DATASET EXCERPTS: Begin

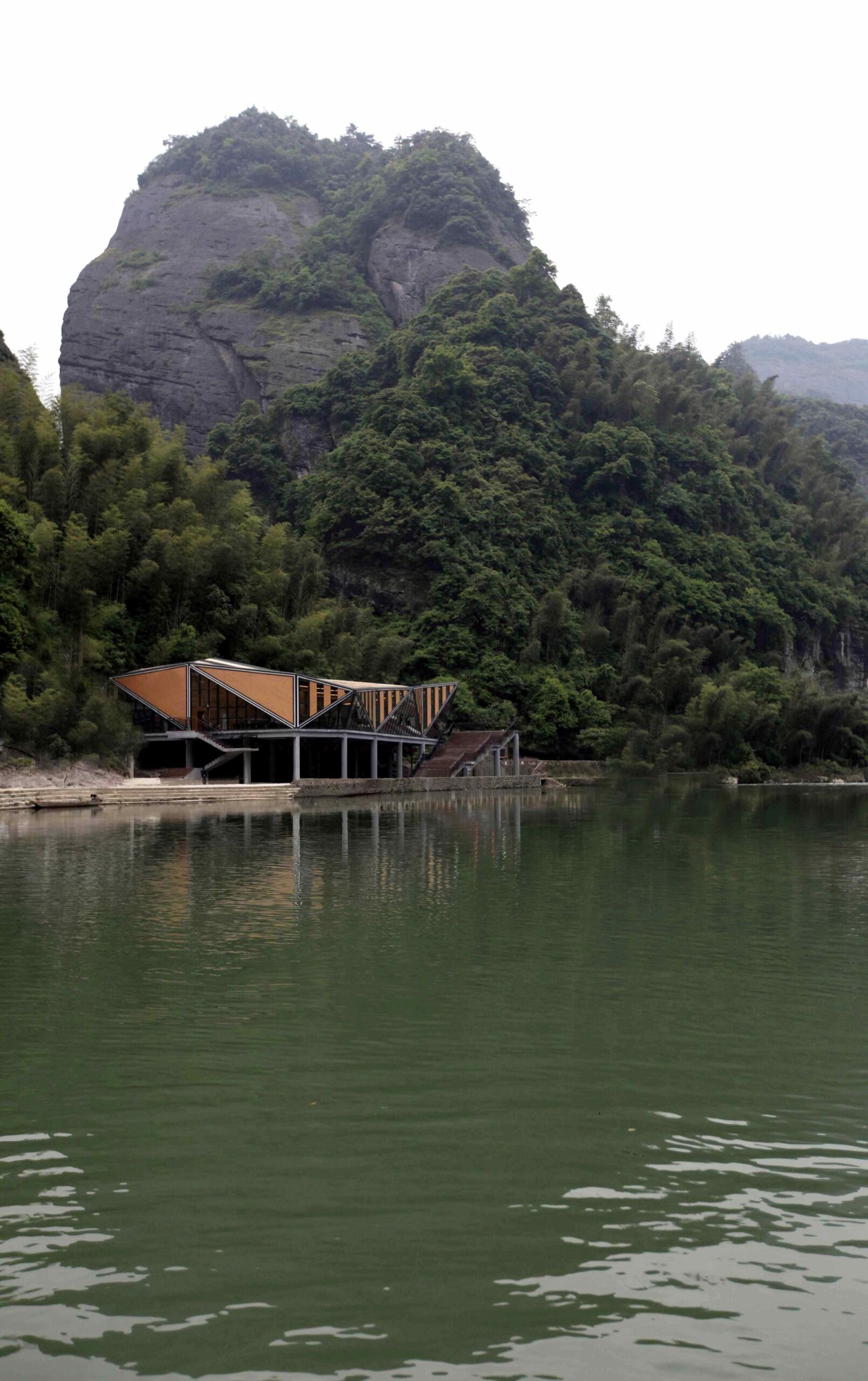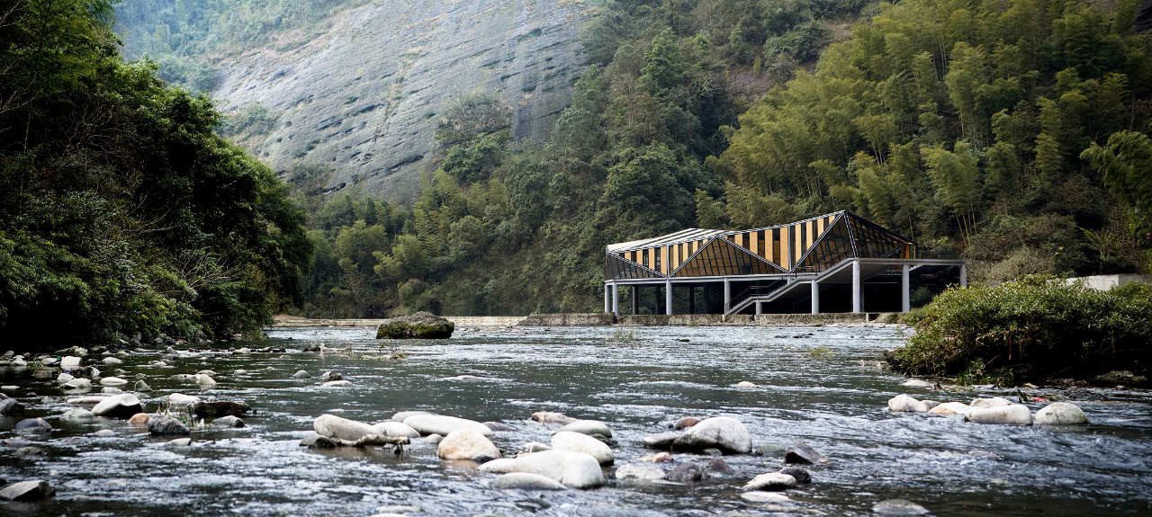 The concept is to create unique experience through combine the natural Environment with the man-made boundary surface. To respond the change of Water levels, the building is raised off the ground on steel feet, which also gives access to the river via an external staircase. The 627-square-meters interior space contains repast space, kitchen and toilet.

DATASET EXCERPTS: End
DATASET EXCERPTS: Begin

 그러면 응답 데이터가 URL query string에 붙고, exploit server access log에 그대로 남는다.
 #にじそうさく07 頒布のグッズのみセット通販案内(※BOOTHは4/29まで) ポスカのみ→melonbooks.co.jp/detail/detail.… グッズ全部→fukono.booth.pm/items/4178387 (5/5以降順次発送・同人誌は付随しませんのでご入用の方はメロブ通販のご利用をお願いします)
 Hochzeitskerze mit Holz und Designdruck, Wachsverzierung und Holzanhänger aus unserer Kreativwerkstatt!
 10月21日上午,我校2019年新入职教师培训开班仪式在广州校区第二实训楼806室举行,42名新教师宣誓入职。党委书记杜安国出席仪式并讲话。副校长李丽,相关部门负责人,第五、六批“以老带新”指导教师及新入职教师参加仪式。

DATASET EXCERPTS: End
DATASET EXCERPTS: Begin

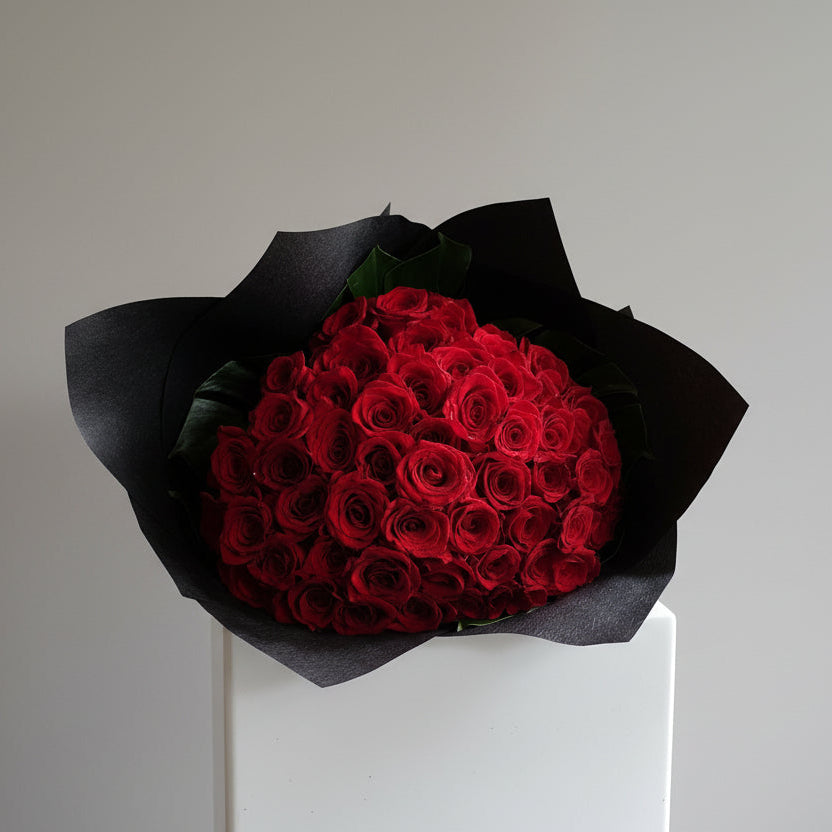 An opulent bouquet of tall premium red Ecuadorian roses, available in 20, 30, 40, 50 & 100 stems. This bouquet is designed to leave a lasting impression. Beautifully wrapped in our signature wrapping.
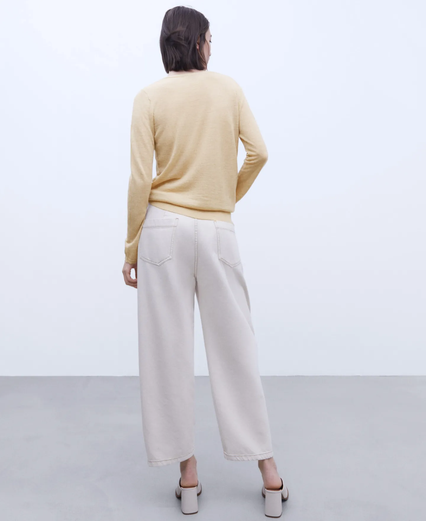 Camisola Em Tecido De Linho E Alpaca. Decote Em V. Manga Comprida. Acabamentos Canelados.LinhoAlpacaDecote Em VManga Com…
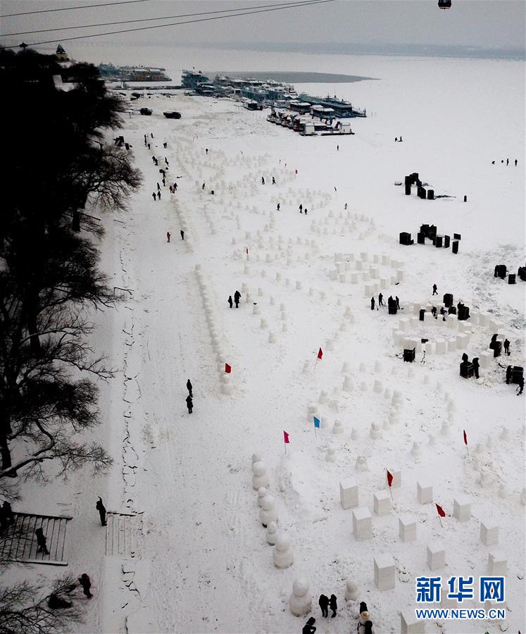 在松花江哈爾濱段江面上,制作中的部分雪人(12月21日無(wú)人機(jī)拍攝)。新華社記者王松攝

DATASET EXCERPTS: End

Beginning at the line with "Hochzeitskerze mit Holz" and ending at the line with "10月21日上午,我校201", reproduce each line of the data above exactly, and add no other lines.

 Hochzeitskerze mit Holz und Designdruck, Wachsverzierung und Holzanhänger aus unserer Kreativwerkstatt!
 10月21日上午,我校2019年新入职教师培训开班仪式在广州校区第二实训楼806室举行,42名新教师宣誓入职。党委书记杜安国出席仪式并讲话。副校长李丽,相关部门负责人,第五、六批“以老带新”指导教师及新入职教师参加仪式。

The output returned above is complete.